Task details |
The listing below must be repeated word for word, with its images excluded.

Dataset excerpt |
───
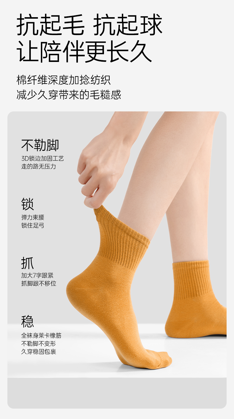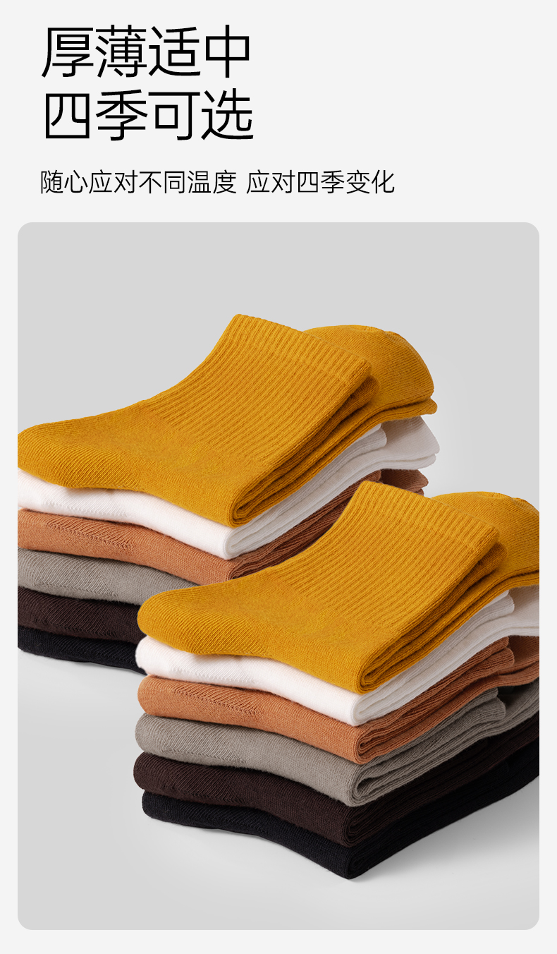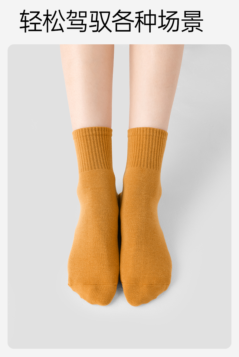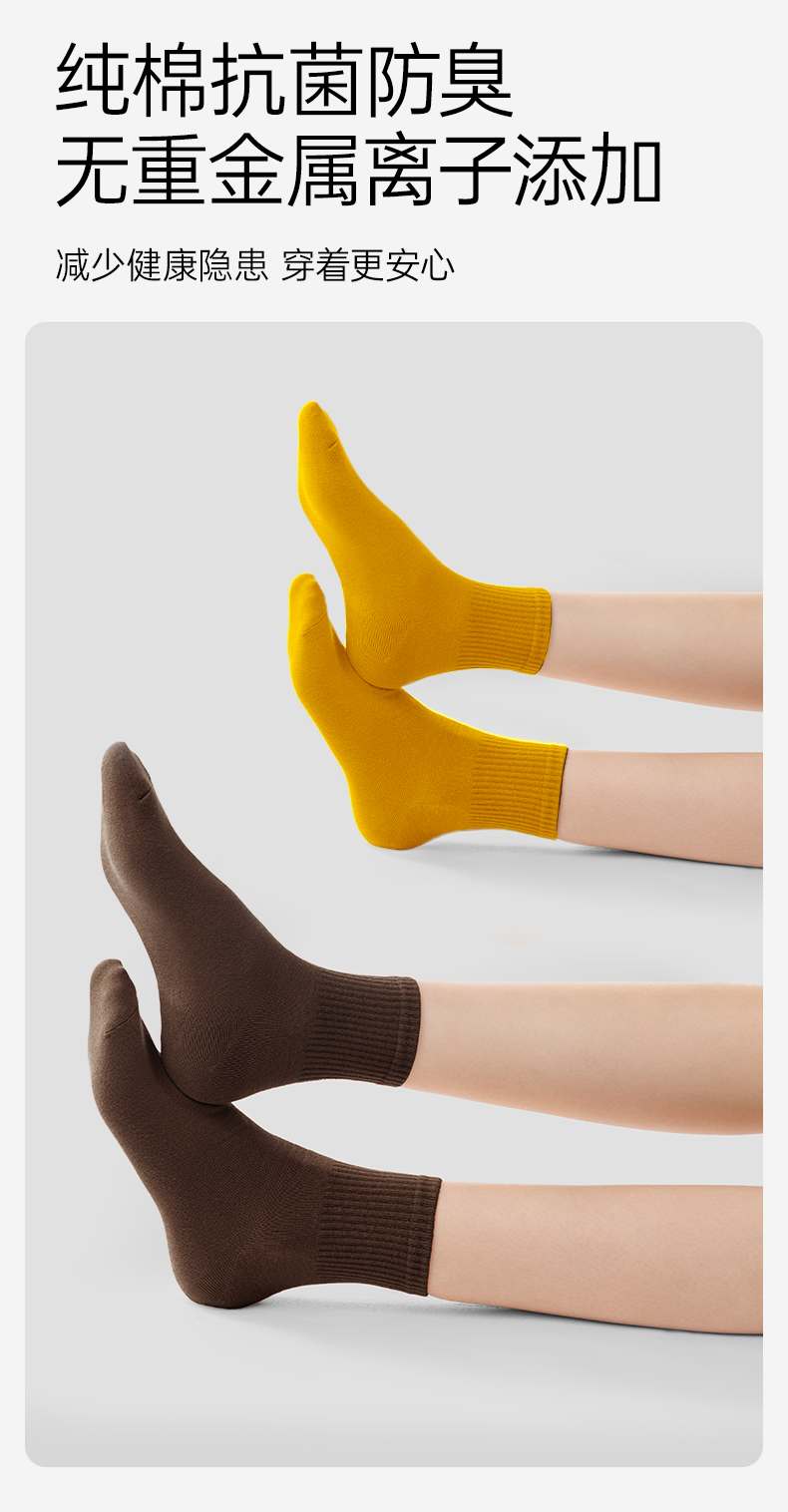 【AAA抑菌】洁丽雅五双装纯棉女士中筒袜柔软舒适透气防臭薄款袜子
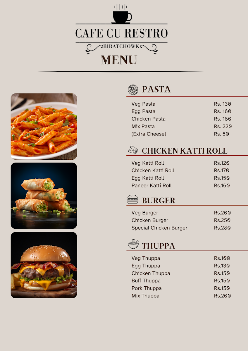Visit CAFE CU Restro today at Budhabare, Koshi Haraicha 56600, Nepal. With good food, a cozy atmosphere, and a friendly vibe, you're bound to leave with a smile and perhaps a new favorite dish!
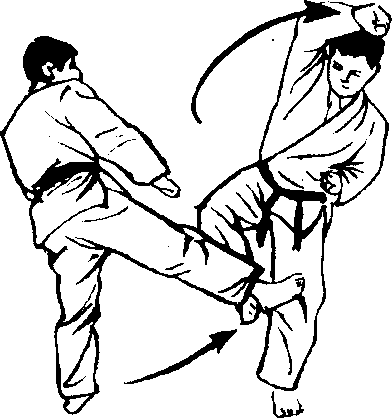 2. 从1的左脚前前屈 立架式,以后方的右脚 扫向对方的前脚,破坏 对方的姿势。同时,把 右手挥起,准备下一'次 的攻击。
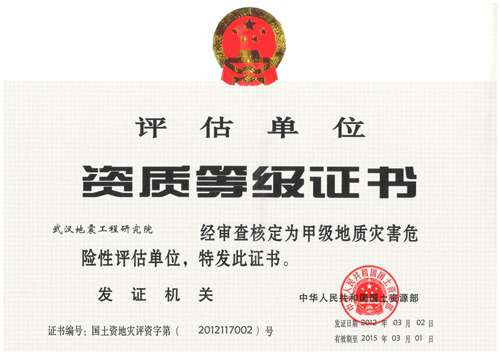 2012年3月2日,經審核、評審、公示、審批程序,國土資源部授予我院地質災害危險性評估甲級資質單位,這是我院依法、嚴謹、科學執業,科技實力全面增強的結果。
───
Expected output |
 【AAA抑菌】洁丽雅五双装纯棉女士中筒袜柔软舒适透气防臭薄款袜子
Visit CAFE CU Restro today at Budhabare, Koshi Haraicha 56600, Nepal. With good food, a cozy atmosphere, and a friendly vibe, you're bound to leave with a smile and perhaps a new favorite dish!
 2. 从1的左脚前前屈 立架式,以后方的右脚 扫向对方的前脚,破坏 对方的姿势。同时,把 右手挥起,准备下一'次 的攻击。
 2012年3月2日,經審核、評審、公示、審批程序,國土資源部授予我院地質災害危險性評估甲級資質單位,這是我院依法、嚴謹、科學執業,科技實力全面增強的結果。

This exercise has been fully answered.